### WORK INSTRUCTIONS
Could you print exactly the lines of the listing below, starting at the line that has "Большое спасибо, Мария!" and ending at the line that has "stante. [immagine] |", and only those lines?

### RECORDS FOR THIS EXERCISE
((

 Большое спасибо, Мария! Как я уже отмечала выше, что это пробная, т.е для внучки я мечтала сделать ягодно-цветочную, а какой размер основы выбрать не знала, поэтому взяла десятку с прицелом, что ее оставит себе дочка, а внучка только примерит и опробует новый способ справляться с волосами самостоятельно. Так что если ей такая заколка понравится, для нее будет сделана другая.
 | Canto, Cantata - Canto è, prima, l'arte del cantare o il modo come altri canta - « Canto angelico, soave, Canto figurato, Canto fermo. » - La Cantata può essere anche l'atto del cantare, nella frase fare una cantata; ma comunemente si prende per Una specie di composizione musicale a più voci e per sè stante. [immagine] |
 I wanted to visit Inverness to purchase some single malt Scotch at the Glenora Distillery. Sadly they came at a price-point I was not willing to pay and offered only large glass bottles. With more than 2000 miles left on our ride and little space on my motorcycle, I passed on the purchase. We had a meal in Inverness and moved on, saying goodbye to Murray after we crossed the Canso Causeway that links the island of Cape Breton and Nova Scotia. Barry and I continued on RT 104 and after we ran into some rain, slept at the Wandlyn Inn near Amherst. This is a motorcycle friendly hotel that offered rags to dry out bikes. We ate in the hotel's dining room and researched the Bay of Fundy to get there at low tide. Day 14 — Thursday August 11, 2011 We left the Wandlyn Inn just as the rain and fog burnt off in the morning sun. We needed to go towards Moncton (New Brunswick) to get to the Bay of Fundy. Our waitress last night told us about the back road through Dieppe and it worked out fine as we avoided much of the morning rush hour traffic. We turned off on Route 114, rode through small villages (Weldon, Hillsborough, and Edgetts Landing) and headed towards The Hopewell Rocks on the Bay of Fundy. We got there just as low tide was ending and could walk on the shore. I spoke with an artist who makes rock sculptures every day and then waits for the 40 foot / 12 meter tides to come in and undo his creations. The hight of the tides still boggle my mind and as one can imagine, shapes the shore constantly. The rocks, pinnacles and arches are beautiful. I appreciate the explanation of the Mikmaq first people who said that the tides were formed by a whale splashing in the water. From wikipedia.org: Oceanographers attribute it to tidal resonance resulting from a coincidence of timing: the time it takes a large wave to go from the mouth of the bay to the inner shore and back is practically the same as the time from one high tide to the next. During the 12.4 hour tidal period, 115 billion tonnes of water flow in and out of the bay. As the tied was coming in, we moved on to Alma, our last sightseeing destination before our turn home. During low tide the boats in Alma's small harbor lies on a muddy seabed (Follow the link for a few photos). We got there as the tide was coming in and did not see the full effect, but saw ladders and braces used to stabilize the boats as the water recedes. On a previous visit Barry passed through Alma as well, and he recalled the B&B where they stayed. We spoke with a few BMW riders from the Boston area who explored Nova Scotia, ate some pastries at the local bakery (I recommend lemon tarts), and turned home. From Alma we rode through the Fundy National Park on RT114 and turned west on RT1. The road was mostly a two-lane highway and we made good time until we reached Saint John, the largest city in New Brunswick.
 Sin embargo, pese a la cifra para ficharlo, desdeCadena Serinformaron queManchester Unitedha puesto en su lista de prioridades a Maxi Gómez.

))
((

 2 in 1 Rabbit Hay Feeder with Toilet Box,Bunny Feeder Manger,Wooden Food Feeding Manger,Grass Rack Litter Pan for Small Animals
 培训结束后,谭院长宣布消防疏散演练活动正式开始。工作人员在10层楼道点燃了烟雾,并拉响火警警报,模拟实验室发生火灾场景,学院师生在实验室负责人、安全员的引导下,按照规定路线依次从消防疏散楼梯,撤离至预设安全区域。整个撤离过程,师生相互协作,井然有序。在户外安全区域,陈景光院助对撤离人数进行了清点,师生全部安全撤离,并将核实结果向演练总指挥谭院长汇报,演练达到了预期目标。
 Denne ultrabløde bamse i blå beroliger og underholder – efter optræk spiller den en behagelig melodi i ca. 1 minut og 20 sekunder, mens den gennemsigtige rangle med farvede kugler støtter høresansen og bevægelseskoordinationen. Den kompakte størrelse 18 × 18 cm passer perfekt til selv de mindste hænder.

))

### SOLUTION TO THE PROBLEM
 Большое спасибо, Мария! Как я уже отмечала выше, что это пробная, т.е для внучки я мечтала сделать ягодно-цветочную, а какой размер основы выбрать не знала, поэтому взяла десятку с прицелом, что ее оставит себе дочка, а внучка только примерит и опробует новый способ справляться с волосами самостоятельно. Так что если ей такая заколка понравится, для нее будет сделана другая.
 | Canto, Cantata - Canto è, prima, l'arte del cantare o il modo come altri canta - « Canto angelico, soave, Canto figurato, Canto fermo. » - La Cantata può essere anche l'atto del cantare, nella frase fare una cantata; ma comunemente si prende per Una specie di composizione musicale a più voci e per sè stante. [immagine] |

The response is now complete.